Почва для возникновения Концентрационного мира как явления начала готовиться сразу после окончания Первой мировой войны. Победителей в этой войне не было, она была проиграна всеми. В особенно тяжелом положении была Германия, обманутая Версальским миром. Г. Бэйтсон точно описал его последствия: «Это было одним из величайших предательств в истории нашей цивилизации… Оно вело к тотальной деморализации германской политики. Если вы что-то обещаете своему сыну, а затем отказываетесь от своих слов, и при этом вся ситуация включена во фрейм высоких этических понятий, то вы, вероятно, обнаружите не только то, что он очень зол на вас, но также и то, что его моральные устои деградируют, пока его чувства оскорблены вашей нечестностью. Дело не только в том, что Вторая мировая война – естественный ответ нации, с которой обошлись подобным образом, гораздо важнее то, что после такого обращения деморализации нации следовало ожидать»[159]
.Еще одним существенным фактором явилась «секуляризация» религиозной идеи войны в общественном сознании Германии. У. Эко отмечал, что в первые два десятилетия ХХ века «Европа была одержима идеей войны как великого мистического опыта», опыт войны был «философским поворотом» для тысяч людей самых разных политических взглядов и убеждений[160]
. Связанные с войной ожидания и надежды эсхатологического в своей грандиозности масштаба, владевшие немецким обществом, сменились депрессией и глубоким упадком. Эта депрессия и упадок переживались особенно тяжело, так как имели религиозный, мистический характер и не могли быть преодолены с помощью простого улучшения социальных и экономических условий, то есть секулярным способом.
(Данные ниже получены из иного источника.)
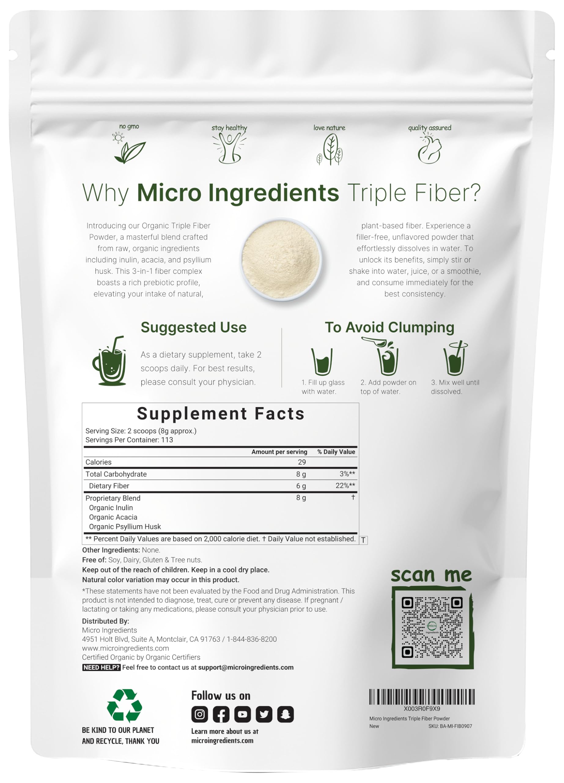 - Organic Triple Soluble Fiber Powder (Chicory Root Inulin Fiber, Acacia Fiber and Psyllium Husks Fiber Blend 3 in 1 Complex Formula), 2 Pounds (32 Ounce), Daily Fiber Advanced Powder, Unflavored, Hunger Control and Vegan Friendly.

Восполнить экзистенциальную пустоту в общественном сознании могла только глобальная идея, сопоставимая своим масштабом с грандиозностью утраты.Таким образом, победа обернулась духовным опустошением, деморализацией и поражением, а поражение не празднуют. Никто не ликовал, тяжелейшая операция не вылечила больного, а лишь ухудшила его состояние, поставив под вопрос все ценности минувшего столетия и целесообразность наступившего. Это хорошо видно не только по работам О. Шпенглера, М. Вебера, Т. Манна, Э. Фромма, А. Камю, Э. Ремарка и десятков других писателей, историков и философов. Немецкий кинематограф конца 1910–1920-х годов (Р. Вине «Кабинет доктора Калигари», Ф. Ланг «Доктор Мабузе – игрок», П. Лени и Л. Берински «Кабинет восковых фигур», Ф. Мурнау «Носферату – симфония ужаса» и др.) пронизан темой бесплодности попыток найти смысл в жизни, ничтожности и слабости человека перед лицом обстоятельств и смерти[161]
. Все эти философы, литераторы и режиссеры пытались понять, как стало возможно то, что произошло, каким образом, во имя чего «мудрецы и поэты, хранители тайны и веры» (В. Брюсов), визионеры, романтики и символисты убили миллионы людей? Не случайно, по мнению Х. Арендт, именно «смерть стала фундаментальной проблемой интеллектуальной жизни Европы после Первой мировой войны»[162].Поскольку война не решила проблем, они неизбежно вернулись после ее окончания. Стремление к реваншу, в смеси с отчаянием и обидой, стало тем зерном, из которого начала расти новая война, ставшая неизбежной еще за тридцать лет до своего начала. «Первая и Вторая мировые войны слились в единую войну, которая по аналогии с Великой войной 1618–1648 годов вполне может называться новой Тридцатилетней войной»[163]
, – отмечал Г. Мюнклер. Все уже было готово к окончательной отмене морали, которая дискредитировала себя во время Версаля, и замене ее принципиально новыми отношениями Германии с окружающим миром и с собой. «Северная Европа перестала быть «кузницей человека», – писал Б. Беттельгейм, – как бы ни тяжело было это признать моему поколению, пока приход к власти Гитлера не сделал этот факт очевидным для всех»[164]. Следует уточнить: она перестала быть кузницей довоенного типа человека, став на путь производства человека «нового типа», настолько нового, что не только Б. Беттельгейм, но и многие другие не могли распознать в этом типе человеческие черты.